A Crawler for the Kademlia-part of the IPFS-network

For more details, see our paper. Academic code, run and read at your own risk

In a Nutshell

This crawler is designed to enumerate all reachable nodes within the DHT/KAD-part of the IPFS network and return their neighborhood graph. For each node it saves

The ID
All known multiaddresses that were found in the DHT
Whether it was reachable by the crawler or not, i.e., if a connection attempt was successful
The agent version.

This is achieved by sending multiple FindNode-requests to each node in the network, targeted in such a way that each request extracts the contents of exactly one DHT bucket.

The crawler is optimized for speed, to generate as accurate snapshots as possible. It starts from the (configurable) bootstrap nodes, polls their buckets and continues to connect to every peer it has not seen so far.

Run one or multiple crawls

To run a single crawl simply do:

make build
./start_crawl

Important note: For a successful crawl you need either to pull the preimages with git lfs pull or compute them yourself with make preimages.
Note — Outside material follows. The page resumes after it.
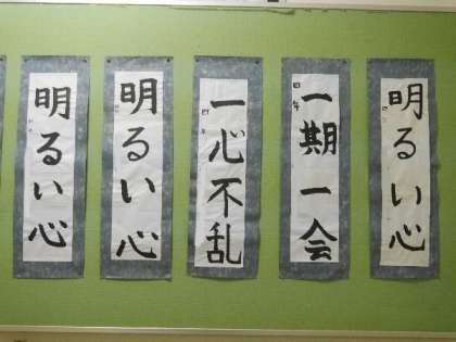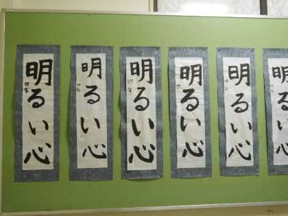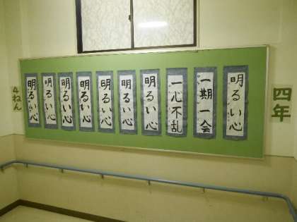 4年生の掲示板に、書き初めが掲示されました。「明るい心」「一心不乱」「一期一会」。

Note that the preimages only have to be computed once, it'll take some minutes, to compute them, though. start_crawl will be created at build time.
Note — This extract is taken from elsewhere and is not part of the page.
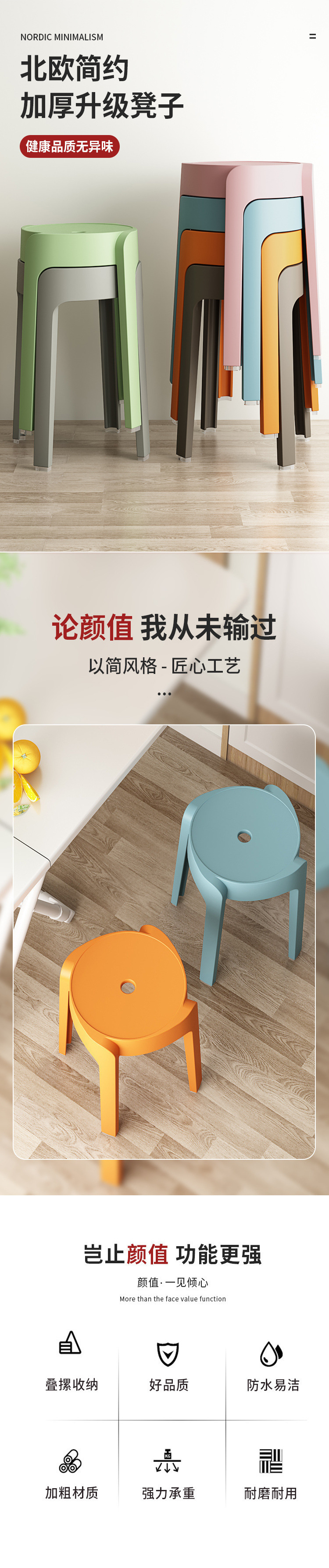 북유럽 패션 라운드 의자 플라스틱 두꺼운 성인 의자 쌓을 수있는 식탁 벤치 홈 의자 예비 의자 높은 의자스토어 가기

One crawl will take 5-10 minutes, depending on your machine.

For multiple crawls, use the autocrawl.sh script instead of start_crawl in the last line. It takes a duration in days and an optional directory to put logs into. Note that there will be a lot of output on your disk, one week of crawling (without logs) can lead to 30-50GB of data! The complete workflow is:

make build
./autocrawl [-l logdir] <crawl duration in days>

Compute statistics on the obtained crawl data

After running a few crawls, the output_data_crawls directory should have some data in it. The directory will be created if it does not exist. To run the evaluation and generate the same plots/tables as in the paper (and more!) you have the option to run it via Docker or manually. We've compiled the details here

Features

Node Caching

If configured, the crawler will cache the nodes it has seen. The next crawl will then not only start at the boot nodes but also add all previously reachable nodes to the crawl queue. This can increase the crawl speed, and therefore the accuracy of the snapshots, significantly. Due to node churn, this setting is most reasonable when performing many consecutive crawls.

This property is enabled by default and will store the nodes in a file called nodes.cache.
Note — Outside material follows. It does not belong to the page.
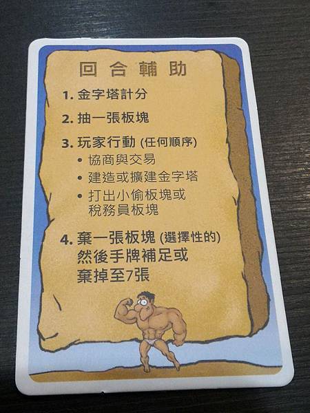 稅務員卡可指定一名玩家隨機偷取對方牌架上的一張石頭板塊

Sanity Check ("Canary Peers")

The crawler enumerates the nodes in the network, but without ground truth it is hard to assess the quality and completeness of a crawl. Therefore, it might be desireable to check whether some known IPFS-nodes appear in the crawl. If configured, the crawler will check if it has seen the nodes listed in configs/cannary.txt. These can be well-known nodes, such as the ipfs.io-gateway, or self-run nodes, specifically started for the purpose of sanity checking the results.

Output of a crawl

Two files:

visitedPeers_<start_of_crawl_datetime>_<end_of_crawl_datetime>.json
peerGraph_<start_of_crawl_datetime>_<end_of_crawl_datetime>.csv

The dateformat is dd-mm-yy--H:M:S, where hours are in 24h format. For example, a crawl on the 20th of march 2020 that started at 11:58:17 and ended at 12:04:11:

visitedPeers_20-03-20--11:58:17_20-03-20--12:04:11.json

Format of `visitedPeers`

visitedPeers contains a json structure with meta information about the crawl as well as each found node. Each node entry corresponds to exactly one node on the network and has the following fields:

{
	"NodeID": "<multihash of the node id>",
	"MultiAddrs": ["<multiaddress_1>", "<multiaddress_2>", "<multiaddress_n>"],
	"reachable": "<whether our crawler could connect to the peer>",
	"agent_version": "<if a connection was successful, the agent version string>"
}

The NodeID is a multihash, the addresses a peer advertises are multiaddresses. reachable is true/false and indicates, whether the respective node could be reached by the crawler or not. Note that the crawler will try to connect to all multiaddresses that it found in the DHT for a given peer. agent_version is simply the agent version string the peer provides when connecting to it. Data example:

{
	"NodeID": "QmdGQGa1oJSqNekVinX3Vym4wXgwTnNbGHcW564pkkQzv8",
	"MultiAddrs": [
		"/ip4/192.168.1.3/tcp/4001",
		"/ip6/::1/tcp/4001",
		"/ip4/127.0.0.1/tcp/4001"
	],
	"reachable": true,
	"agent_version": "go-ipfs/0.4.20/"
}

Format of `peerGraph`

peerGraph is an edgelist, where each line in the file corresponds to one edge. A line has the form

source multihash;target multihash;<target reachable?>

Two nodes are connected, if the crawler found the peer target multihash in the buckets of peer source multihash. Example line:

QmY4N2q3kShvDnMy928SphJRXDEdAcJVDq5sjM5qLsnyHj;QmRXvASjWxqzPFDSvsqyzt9p6DyWNgZ8tVNqgNA4PTw1vk;false

which says that the peer with ID QmY4N... had an entry for peer QmRXvAS in its buckets and that the latter was not reachable by our crawler. Therefore, even though the two peers have an active connection (otherwise the latter peer would not be in the buckets of the former peer), the crawler could not connect to the second peer. Since many nodes reside behind NATs, this is not uncommon to see.

Bootstrap Peers

By default, the crawler uses the bootstrappeer list provided in bootstrappeers.txt. The file is assumed to contain one multiaddress in each line. Lines starting with a comment // will be ignored. To get the default bootstrap peers of an IPFS node, simply run ./ipfs bootstrap list > bootstrappeers.txt.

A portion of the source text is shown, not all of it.